Jean Pictet, in his commentary on The Fundamental Principles of the Red Cross, argues for the universal characteristics of humanitarianism:    
The wellspring of the principle of humanity is in the essence of social morality which can be summed up in a single sentence, Whatsoever ye would that men should do to you, do ye even so to them. This fundamental precept can be found, in almost identical form, in all the great religions, Brahminism, Buddhism, Christianity, Confucianism, Islam, Judaism and Taoism. It is also the golden rule of the positivists, who do not commit themselves to any religion but only to the data of experience, in the name of reason alone. It is indeed not at all necessary to resort to affective or transcendental concepts to recognize the advantage for men to work together to improve their lot.

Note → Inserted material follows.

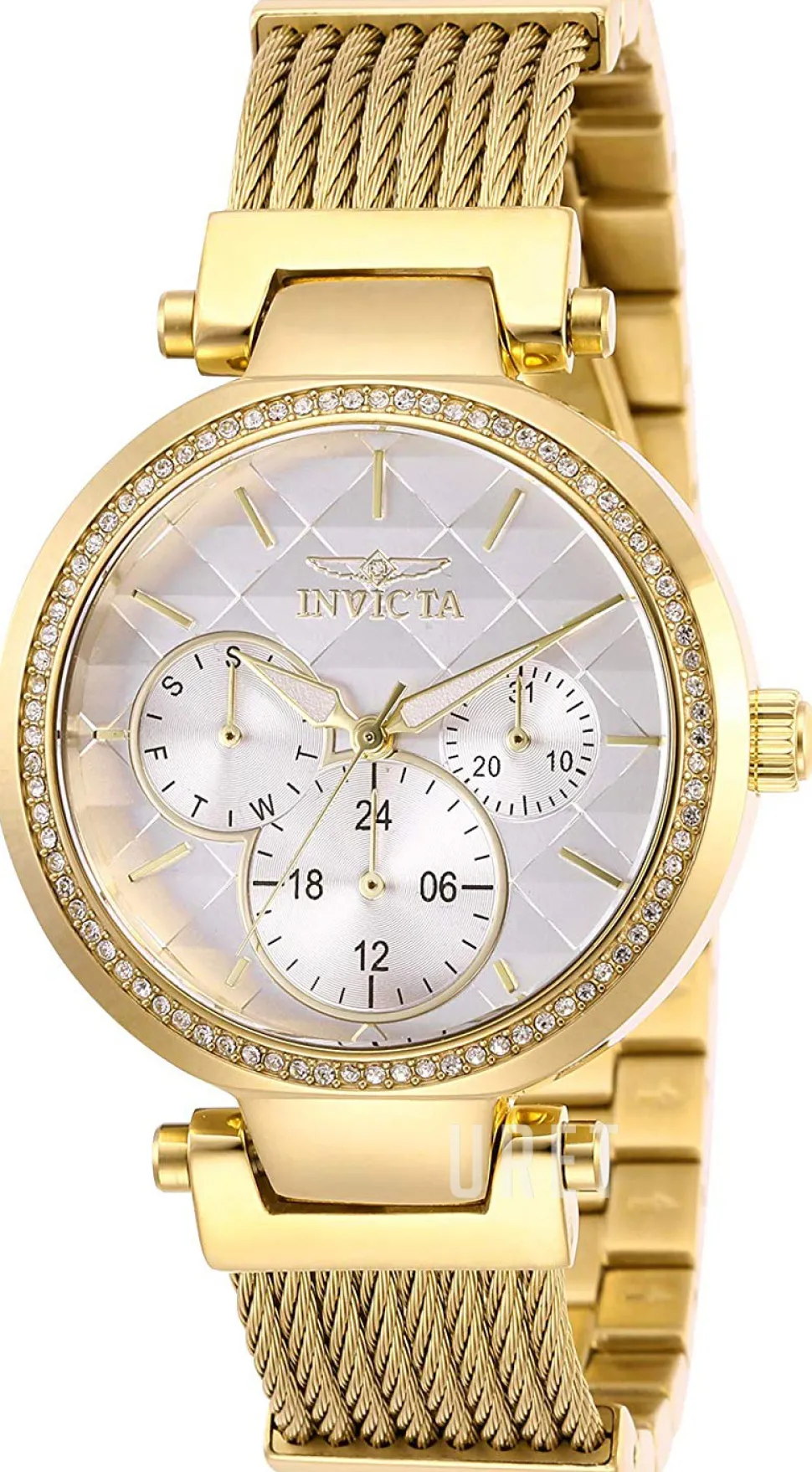 | Bezel (ring): | Gulguldtonat stål, kristallinfattat |

Historical examples and periodization
Humanitarianism was publicly seen in the social reforms of the late 1800s and early 1900s, following the economic turmoil of the Industrial Revolution in England. Many of the women in Great Britain who were involved with feminism during the 1900s also pushed humanitarianism. The atrocious hours and working conditions of children and unskilled laborers were made illegal by pressure on Parliament by humanitarians. The Factory Act of 1833 and the Factory Act of 1844 were some of the most significant humanitarian bills passed in Parliament following the Industrial Revolution.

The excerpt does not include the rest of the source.